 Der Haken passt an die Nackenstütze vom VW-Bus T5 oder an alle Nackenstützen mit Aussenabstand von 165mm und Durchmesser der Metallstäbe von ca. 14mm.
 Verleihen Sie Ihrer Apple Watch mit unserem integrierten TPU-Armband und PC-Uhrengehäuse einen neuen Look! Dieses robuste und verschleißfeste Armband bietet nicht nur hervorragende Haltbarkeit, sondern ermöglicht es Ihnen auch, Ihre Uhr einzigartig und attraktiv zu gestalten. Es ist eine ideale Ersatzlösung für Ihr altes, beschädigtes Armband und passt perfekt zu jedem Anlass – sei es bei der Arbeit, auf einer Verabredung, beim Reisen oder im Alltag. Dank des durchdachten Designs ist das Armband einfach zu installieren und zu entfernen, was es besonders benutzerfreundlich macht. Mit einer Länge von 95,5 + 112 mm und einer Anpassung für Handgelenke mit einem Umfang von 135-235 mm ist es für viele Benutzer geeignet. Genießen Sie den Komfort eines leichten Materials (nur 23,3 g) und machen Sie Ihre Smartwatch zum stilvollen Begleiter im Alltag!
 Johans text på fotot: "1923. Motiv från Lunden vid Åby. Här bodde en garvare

────────

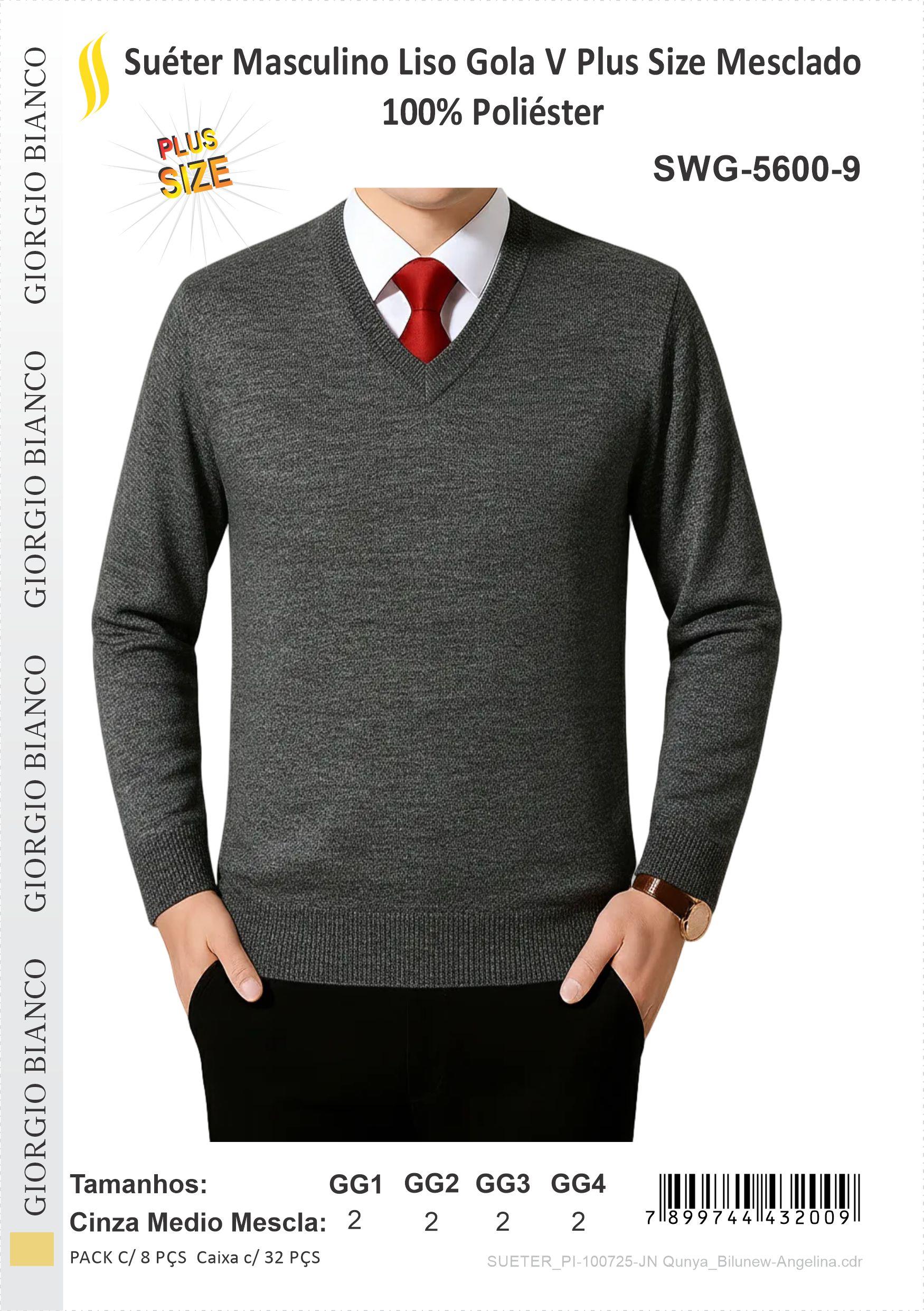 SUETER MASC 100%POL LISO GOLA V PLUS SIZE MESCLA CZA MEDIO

────────

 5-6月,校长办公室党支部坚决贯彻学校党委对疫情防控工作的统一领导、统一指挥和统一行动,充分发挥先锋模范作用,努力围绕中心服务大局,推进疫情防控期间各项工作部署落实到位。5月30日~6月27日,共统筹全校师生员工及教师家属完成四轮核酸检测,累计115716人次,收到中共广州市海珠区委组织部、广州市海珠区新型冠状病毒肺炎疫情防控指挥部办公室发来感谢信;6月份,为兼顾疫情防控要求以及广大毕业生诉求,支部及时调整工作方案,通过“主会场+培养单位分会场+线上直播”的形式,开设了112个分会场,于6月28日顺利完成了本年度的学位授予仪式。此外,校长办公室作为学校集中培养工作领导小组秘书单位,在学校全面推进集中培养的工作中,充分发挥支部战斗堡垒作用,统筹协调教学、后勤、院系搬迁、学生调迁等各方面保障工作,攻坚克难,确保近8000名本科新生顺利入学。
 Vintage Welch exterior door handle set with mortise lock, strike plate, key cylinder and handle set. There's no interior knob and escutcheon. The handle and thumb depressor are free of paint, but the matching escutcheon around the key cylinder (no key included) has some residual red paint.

────────

● TO DO
Of the lines above, show those in which "oder" appears.

● RESULT OF THE TASK
 Der Haken passt an die Nackenstütze vom VW-Bus T5 oder an alle Nackenstützen mit Aussenabstand von 165mm und Durchmesser der Metallstäbe von ca. 14mm.
 Verleihen Sie Ihrer Apple Watch mit unserem integrierten TPU-Armband und PC-Uhrengehäuse einen neuen Look! Dieses robuste und verschleißfeste Armband bietet nicht nur hervorragende Haltbarkeit, sondern ermöglicht es Ihnen auch, Ihre Uhr einzigartig und attraktiv zu gestalten. Es ist eine ideale Ersatzlösung für Ihr altes, beschädigtes Armband und passt perfekt zu jedem Anlass – sei es bei der Arbeit, auf einer Verabredung, beim Reisen oder im Alltag. Dank des durchdachten Designs ist das Armband einfach zu installieren und zu entfernen, was es besonders benutzerfreundlich macht. Mit einer Länge von 95,5 + 112 mm und einer Anpassung für Handgelenke mit einem Umfang von 135-235 mm ist es für viele Benutzer geeignet. Genießen Sie den Komfort eines leichten Materials (nur 23,3 g) und machen Sie Ihre Smartwatch zum stilvollen Begleiter im Alltag!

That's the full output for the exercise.